You know...not expensive is still not exactly the same as free.  And it's not the same shit.  Most of the "make your own t-shirt" companies are complete shit even if Nintendo's are cheaply made in the first place.  Oh, and those places, they won't have Nintendo tags but they'll have tags.  Where as most non-shitty t-shirts will be tagless.  But who knows...maybe these t-shirts are complete shit.  Still free though.


----------



## R2DJ (Mar 19, 2011)

D'you think I'll make it when I get my 3DS at around 10AM or is there gonna be more than 3000 people at overall midnight launches?


----------



## Ikki (Mar 19, 2011)

Seraph said:
			
		

> Ikki said:
> 
> 
> 
> ...


I forgot I'm in a community where people don't pay for their stuff.


----------



## KingVamp (Mar 19, 2011)

Ikki said:
			
		

> Seraph said:
> 
> 
> 
> ...


I forgot that piracy and legitly getting something for free was the same thing.


----------



## Slyakin (Mar 19, 2011)

Man, if this was in the US... I would totally try to get it.

Eh, I'll just print a huge AR card and see what happens.


----------



## Seraph (Mar 19, 2011)

Ikki said:
			
		

> I forgot I'm in a community where people don't pay for their stuff.


Seems you still don't know the appeal of free stuff...free bundled stuff can be an incentive to buy things.  Which is a major reason why I bought the SE copy of MvsC3.  Still, cheap knock-offs are usually not as good as the original.  So paying money to make one seems rather stupid.


----------



## notmeanymore (Mar 19, 2011)

Fuuuuck.

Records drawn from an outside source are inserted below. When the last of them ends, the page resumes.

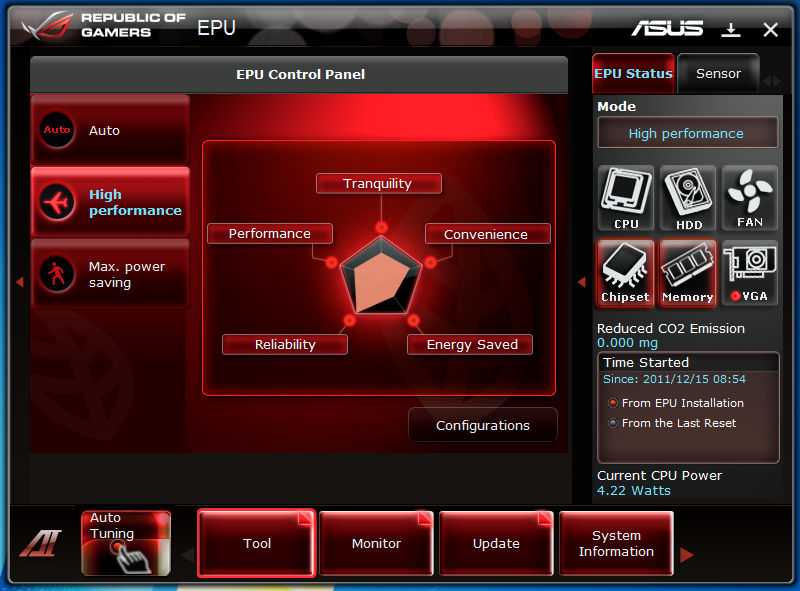 так и установив специальную утилиту EPU под Windows, позволяющую выбрать один из режимов энергосбережения: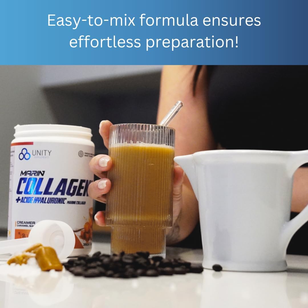 Unity Supplements Marine Collagen Powder with Hyaluronic Acid - Salted Caramel Flavored Coffee Sweetener - 360g, 30 Servings - 10g Marine Collagen per Serving - Promotes Skin, Nail, Hair & Joint Health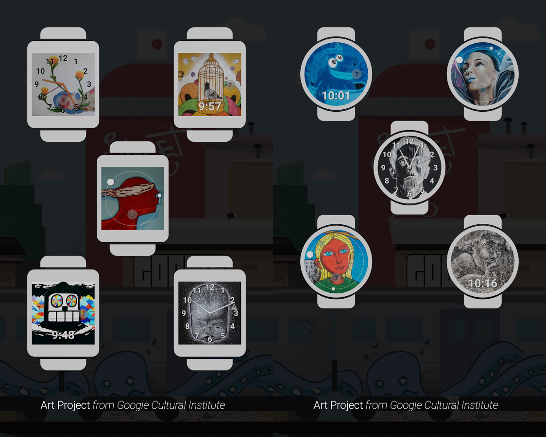 Google 把 Street Art 做成表盘搬到了 Android Wear 上,每一个艺术作品都会有不同的时间显示方式,跟以往模仿传统表盘样式的应用相比,不得不说 Google 的做法是更具艺术和创新性的。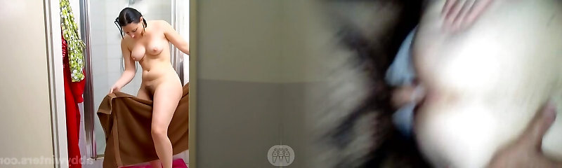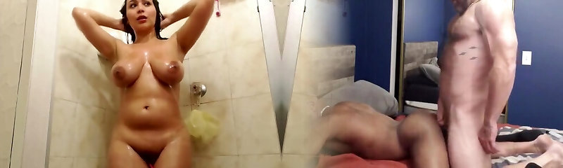While I was taking a bathroom, my stepdaughter goes into the shower for me to fuck her small pussy and milk her big milk cans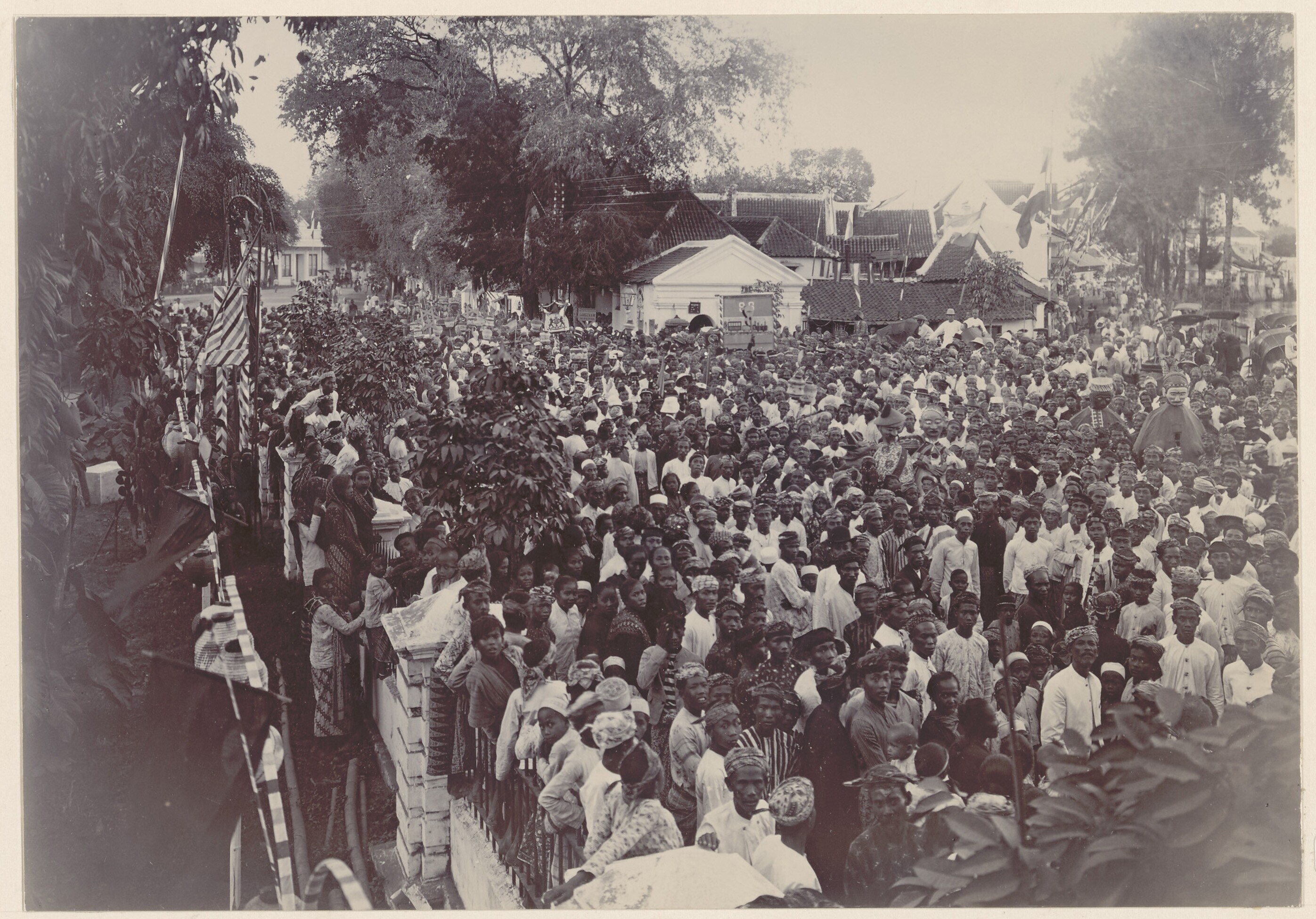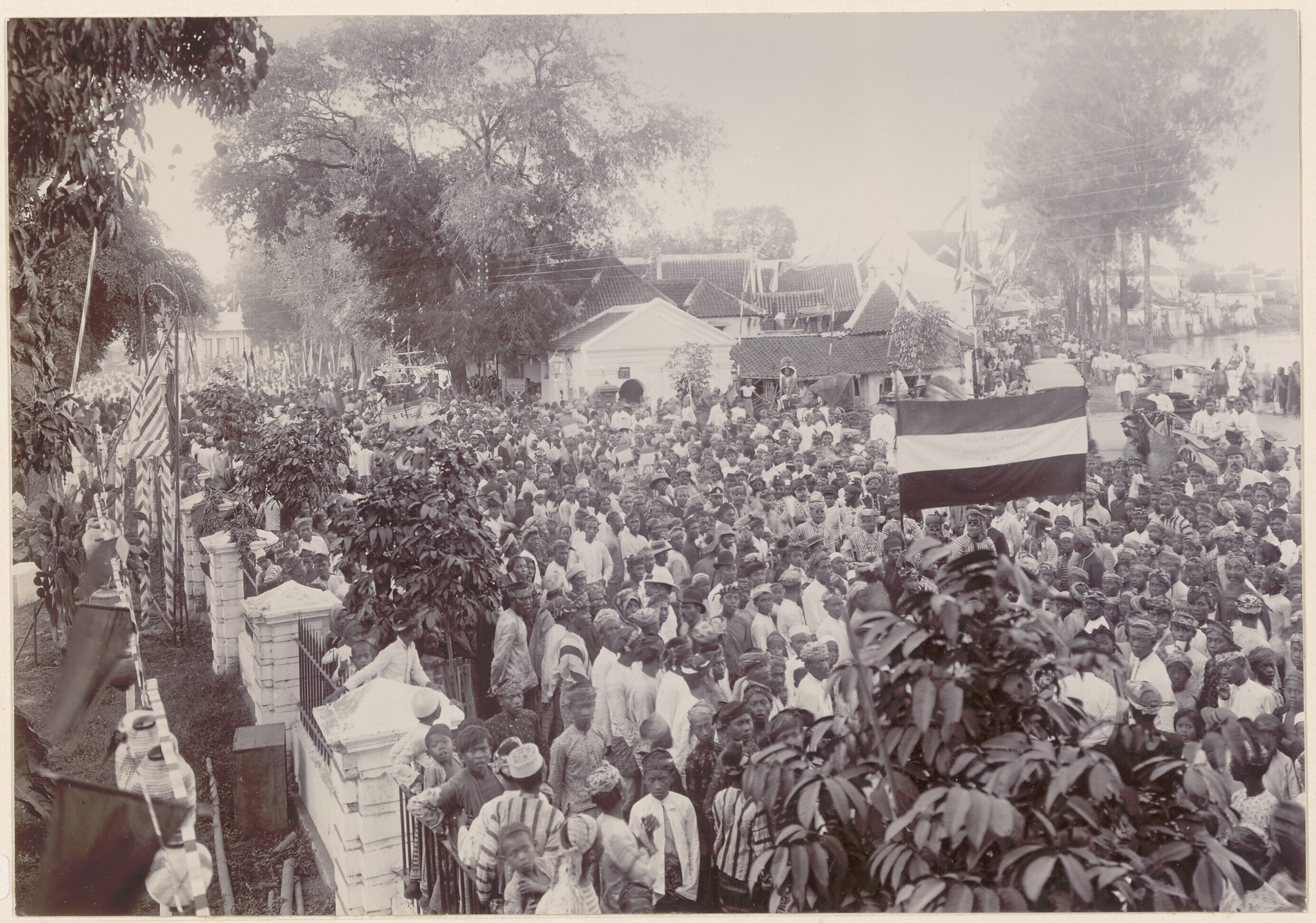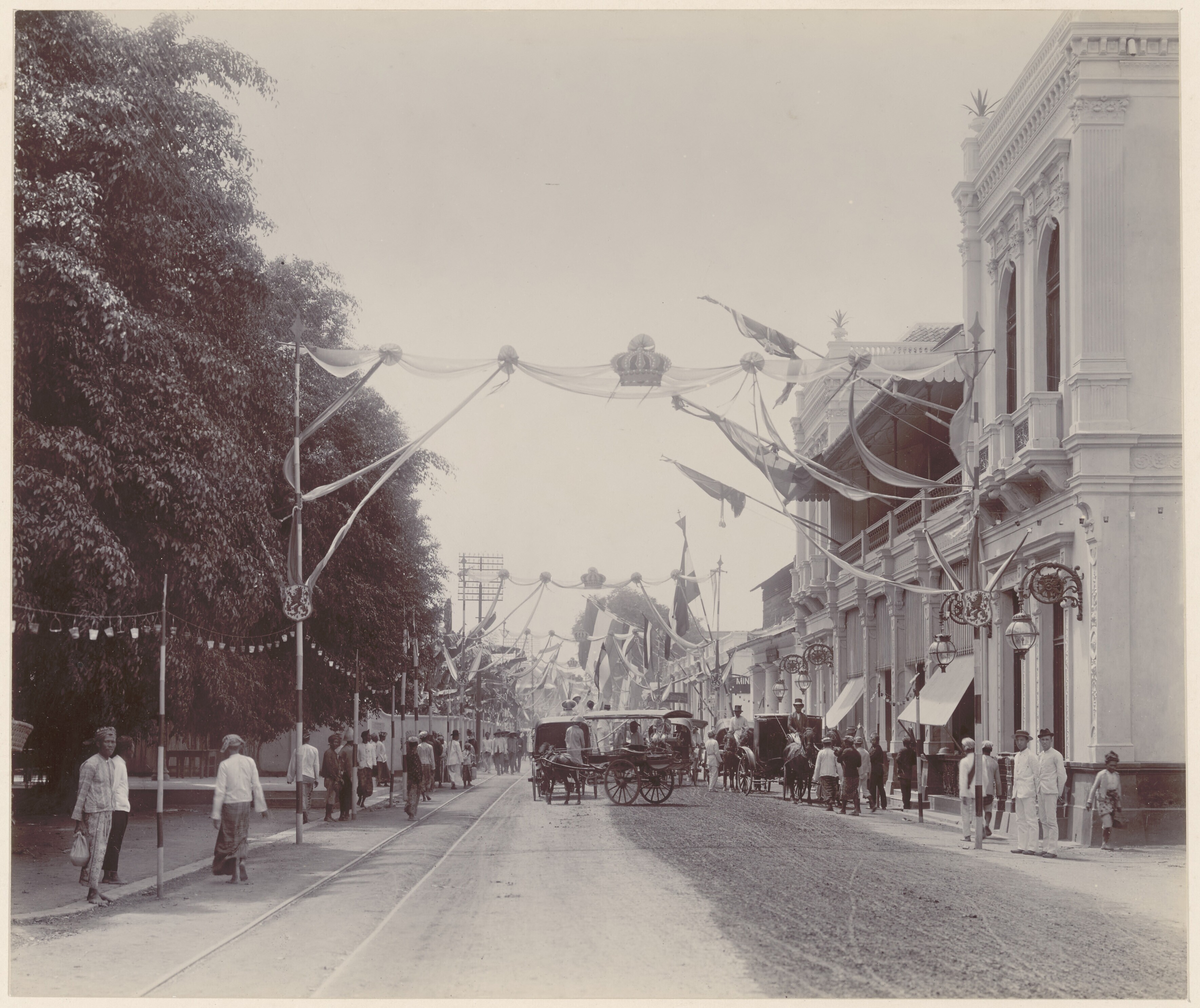 Straatgezicht tijdens de kroningsfeesten in Soerabaj...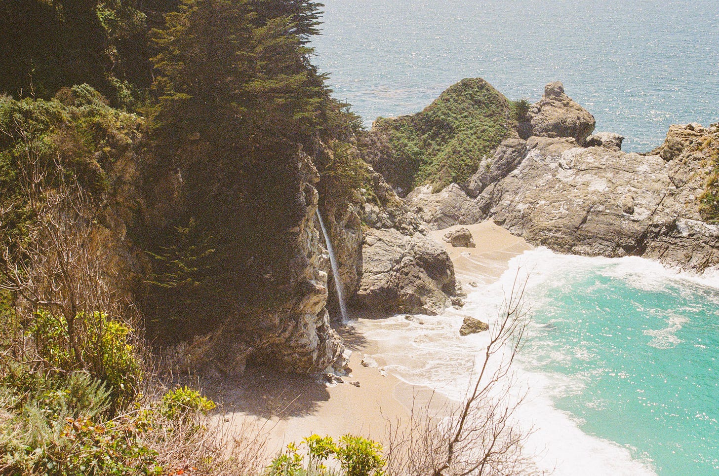 I drive over Bixby Bridge. I park and walk down to McWay Falls. A painter is set up, working on a watercolor of the falls. She is silent. No one bothers her, but they point and smile, delighted. From this vantage point, McWay Falls seems small, but it really isn’t. It’s an 80 foot tall solid stream of freshwater. I imagine my father standing here, looking at the same waterfall. He also visited Big Sur in his twenties, sometime in the late 1970s. Back then, the falls poured itself directly into the Pacific. My father and one of his friends had ridden cross-country on a motorcycle, all the way from Wisconsin, to get here. Along the way, they had camped out in farmer’s fields, or wherever there was land, and never got in trouble. I love this story, but the idea of Big Sur has always had a pull on me, even before I ever heard it. This is just one way I know I’m my father’s daughter.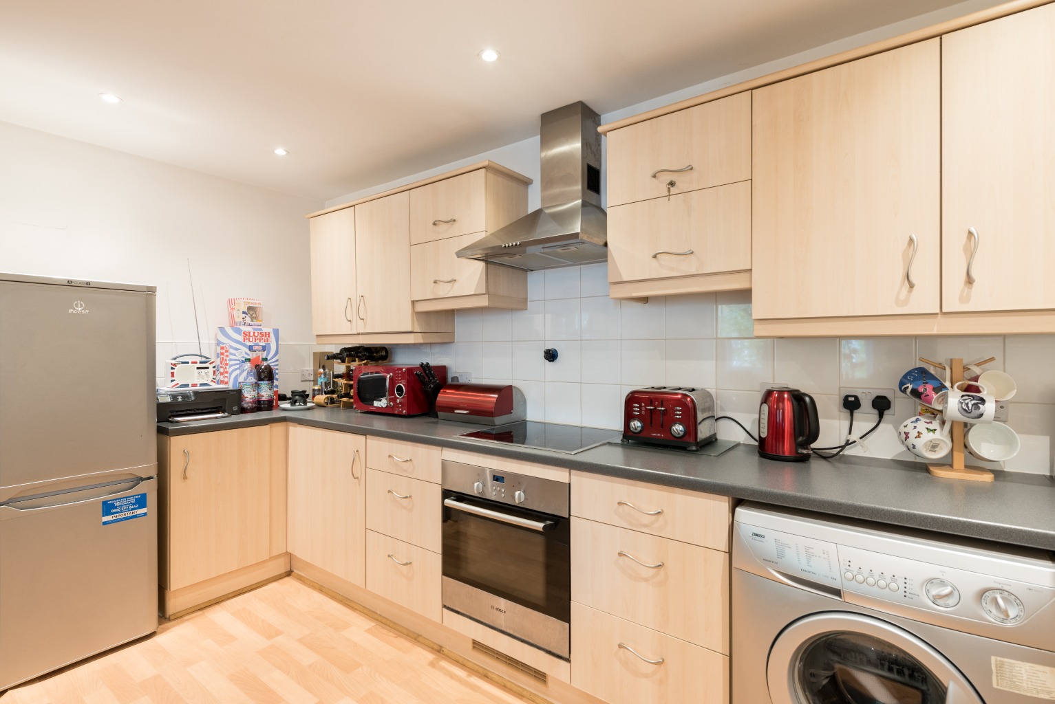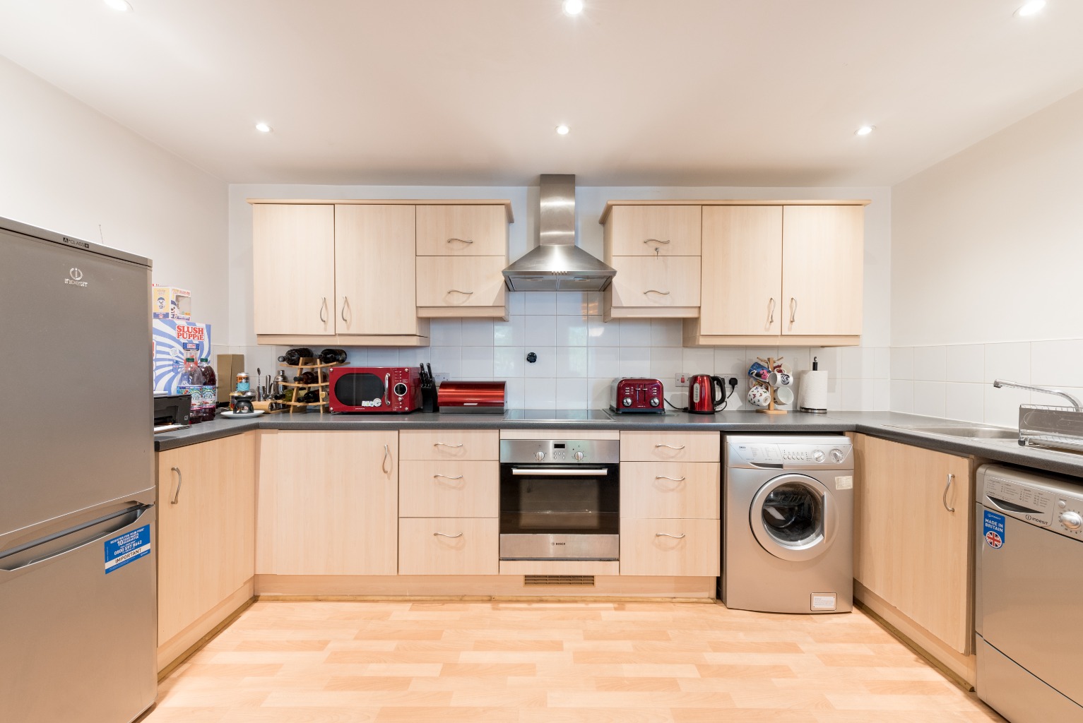 The kitchen area is streamlined, tidy, and clean, with light coloured wooden fronted wall and base units, complemented by the black granite-look worktops. There's ample storage space, a built-in electric hob and oven, and room for your fridge/freezer, washing machine and dishwasher. The wooden flooring gives it a smart, sleek finish and the neutral tiling and décor will allow you to brighten the area up to your own tastes with some clever colour-accents.

My GameStop only has a 9am opening. Closest midnight launch is like 40minutes away. No way am I moving my preorder there for that. How gay.


----------



## Deleted User (Mar 19, 2011)

YES! Now I can point my 3DS at one of these shirts and Kirby/Mario/Nintendog will appear sideways on the person!


----------



## Seraph (Mar 19, 2011)

TehSkull said:
			
		

> Fuuuuck. My GameStop only has a 9am opening. Closest midnight launch is like 40minutes away. No way am I moving my preorder there for that. How gay.


Just so you know, this isn't for the US Club Nintendo...


----------



## notmeanymore (Mar 19, 2011)

Seraph said:
			
		

> TehSkull said:
> 
> 
> 
> ...


Should say so in first post. :|


----------